Les documents RH peuvent-ils être stockés sur un cloud public ?
Réponse courte
Oui, aucun texte ne l'interdit. Le point de vigilance porte sur trois éléments contractuels que les offres standard traitent rarement de façon satisfaisante.
Le premier est la chaîne de sous-traitance : un service public repose presque toujours sur des sous-traitants ultérieurs, dont l'article 28 du RGPD exige qu'ils soient autorisés et que tout changement soit signalé. Le deuxième est la localisation : hébergement et accès peuvent se situer hors de l'Union, ce qui suppose un fondement du chapitre V. Le troisième est la réversibilité, rarement incluse par défaut.
S'y ajoute une contrainte propre au droit du travail : l'article L.614-4 permet à l'ITM d'exiger communication dans les meilleurs délais, et un service dont l'export prend plusieurs jours met l'entreprise en défaut.
Définition
Le cloud public est un service mutualisé, dont l'infrastructure est partagée entre plusieurs clients. Il se distingue d'un hébergement dédié par la mutualisation, non par le niveau de sécurité, qui peut être supérieur.

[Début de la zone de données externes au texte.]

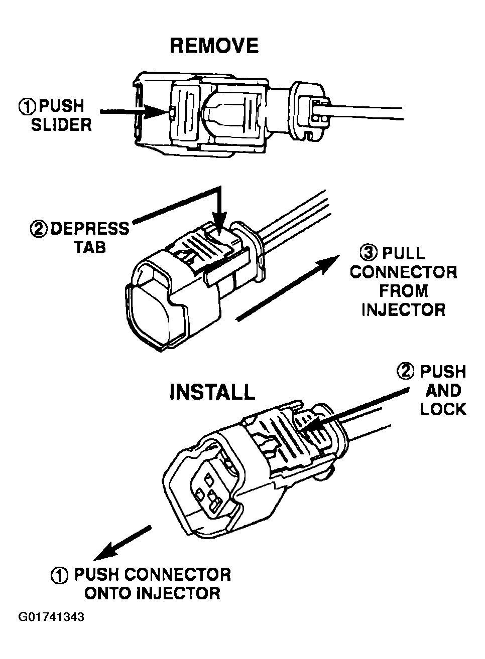 - Connect electrical connectors at all fuel injectors. To install connector, refer to Figure. Push connector onto injector (1) and then push and lock red colored slider (2). Verify connector is locked to injector by lightly tugging on connector.

Le sous-traitant ultérieur est le prestataire auquel le fournisseur confie une partie du traitement. Sa présence est la règle dans les services mutualisés, et elle doit être encadrée.
Conditions d’exercice
Ce qui se vérifie est la chaîne complète, du fournisseur aux personnes qui accèdent effectivement aux données.
| Point | Exigence | Base |
|---|---|---|
| Contrat de sous-traitance | Objet, durée, finalités, instructions, sécurité | RGPD, article 28 |
| Sous-traitants ultérieurs | Autorisation préalable et information des changements | RGPD, article 28, paragraphe 2 |
| Localisation de l'hébergement | Union européenne, ou fondement du chapitre V | RGPD, chapitre V |
| Accès depuis un pays tiers | Constitue un transfert, même sans déplacement des données | RGPD, chapitre V |
| Sécurité | Mesures adaptées au risque, chiffrement le cas échéant | RGPD, article 32 |
| Disponibilité pour un contrôle | Export dans les meilleurs délais | L.614-4 |
Modalités pratiques
Les conditions générales d'un service mutualisé se lisent sur ces points précis, avant la signature.
| Vérification | Ce qu'il faut obtenir |
|---|---|
| Liste des sous-traitants ultérieurs | Communiquée et tenue à jour |
| Pays d'hébergement et pays d'accès | Identifiés, y compris pour le support technique |
| Notification des violations | Délai d'information du responsable de traitement |
| Réversibilité | Restitution des données et des métadonnées dans un format ouvert |
| Suppression en fin de contrat | Effacement attesté, sauvegardes comprises |
| Export | Testé une fois par an, indépendamment du fournisseur |
Pratiques et recommandations
Le support technique est le transfert que personne ne cartographie. Une entreprise dont les données sont hébergées dans l'Union, mais dont l'assistance est assurée depuis un pays tiers, effectue un transfert au sens du chapitre V — et la question se pose au premier contrôle.
L'export doit être testé, non supposé. Beaucoup de services restituent des fichiers sans métadonnées ni structure, ce qui rend l'archive inexploitable une fois le contrat terminé. Un test annuel vaut mieux qu'une clause.
La mutualisation n'est pas en soi un facteur de risque. Un service public correctement encadré offre souvent une sécurité supérieure à celle d'un serveur interne mal entretenu : ce qui fait la différence est le contrat, la cartographie des accès et la capacité à récupérer les données.
Cadre juridique
| Référence | Objet |
|---|---|
| RGPD, article 28 | Contrat de sous-traitance et encadrement des sous-traitants ultérieurs |
| RGPD, chapitre V | Transferts hors Union européenne |
| RGPD, article 32 | Sécurité du traitement adaptée au risque |
| RGPD, article 33 | Notification des violations de données |
| RGPD, article 30 | Registre des traitements mentionnant l'hébergement et les transferts |
| Article L.614-4 du Code du travail | Communication des fichiers à l'ITM dans les meilleurs délais |
Note
Le cloud public est admis : ce sont la chaîne de sous-traitance, la localisation des accès et la réversibilité qui doivent être vérifiées. Testez l'export chaque année — c'est ce qui reste quand le contrat de service s'arrête.